## TASK ITEM
Starting with the line that contains "- 模型更新 :新模型训练好后,会自动同步回Label", copy every line through the end of the listing, exactly and only those. No pictures should appear in the copy.

## SUPPLIED DATA
:::

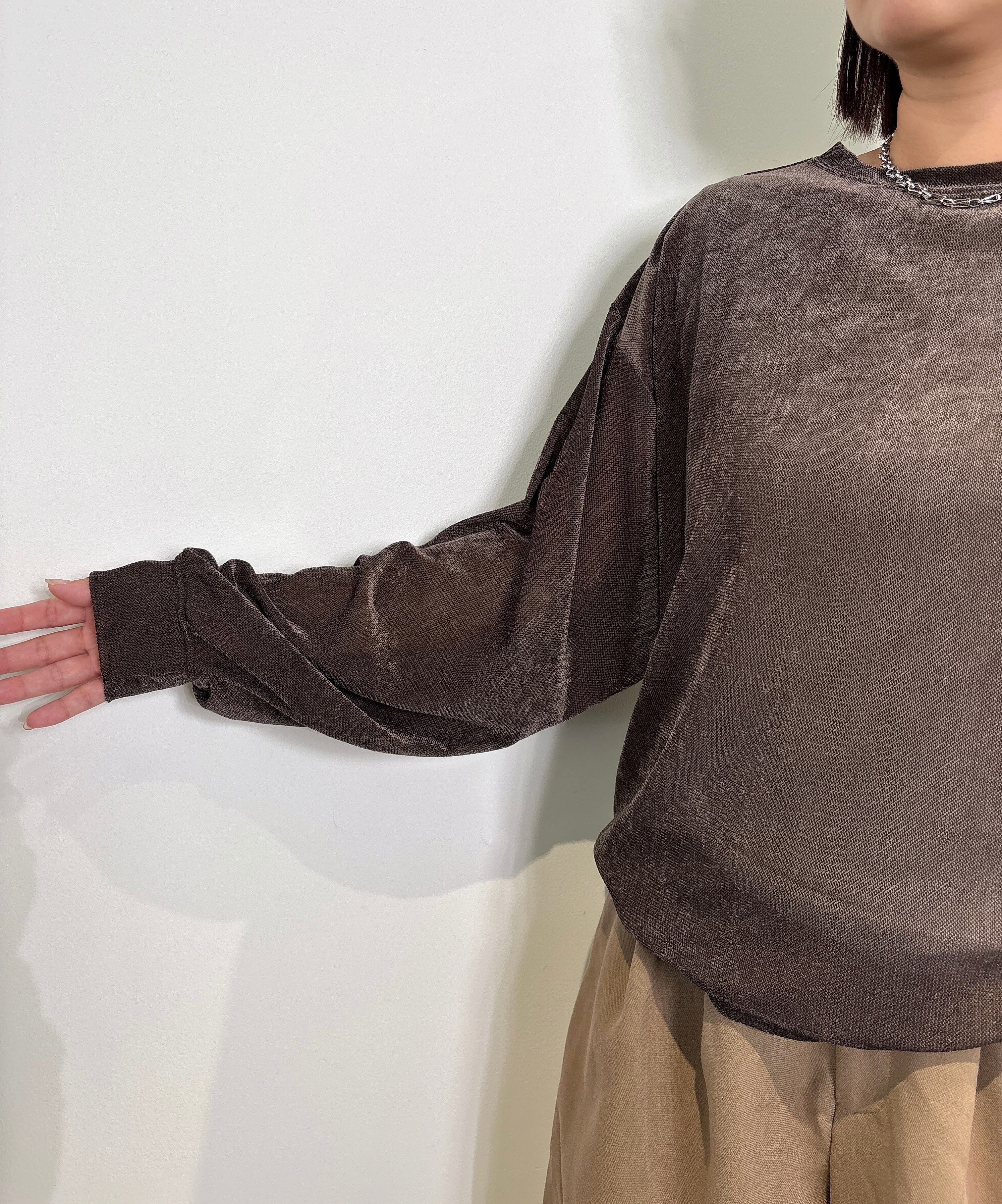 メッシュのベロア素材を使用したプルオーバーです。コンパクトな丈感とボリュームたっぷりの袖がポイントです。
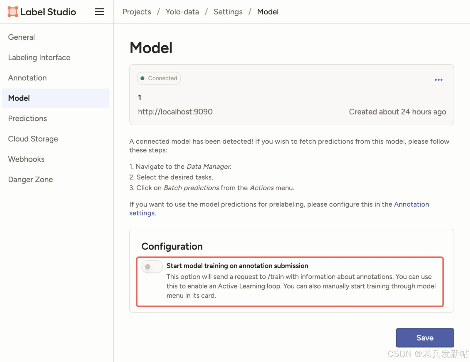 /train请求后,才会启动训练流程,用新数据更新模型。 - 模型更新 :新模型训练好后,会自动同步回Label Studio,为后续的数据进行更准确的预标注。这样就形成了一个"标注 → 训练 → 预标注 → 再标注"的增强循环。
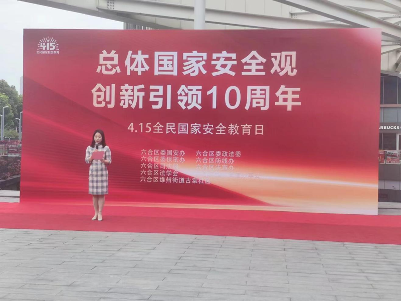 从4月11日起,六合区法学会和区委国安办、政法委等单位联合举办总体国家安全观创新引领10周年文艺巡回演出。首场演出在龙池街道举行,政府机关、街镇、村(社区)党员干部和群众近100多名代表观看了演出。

:::

## RESPONSE AREA
 /train请求后,才会启动训练流程,用新数据更新模型。 - 模型更新 :新模型训练好后,会自动同步回Label Studio,为后续的数据进行更准确的预标注。这样就形成了一个"标注 → 训练 → 预标注 → 再标注"的增强循环。
 从4月11日起,六合区法学会和区委国安办、政法委等单位联合举办总体国家安全观创新引领10周年文艺巡回演出。首场演出在龙池街道举行,政府机关、街镇、村(社区)党员干部和群众近100多名代表观看了演出。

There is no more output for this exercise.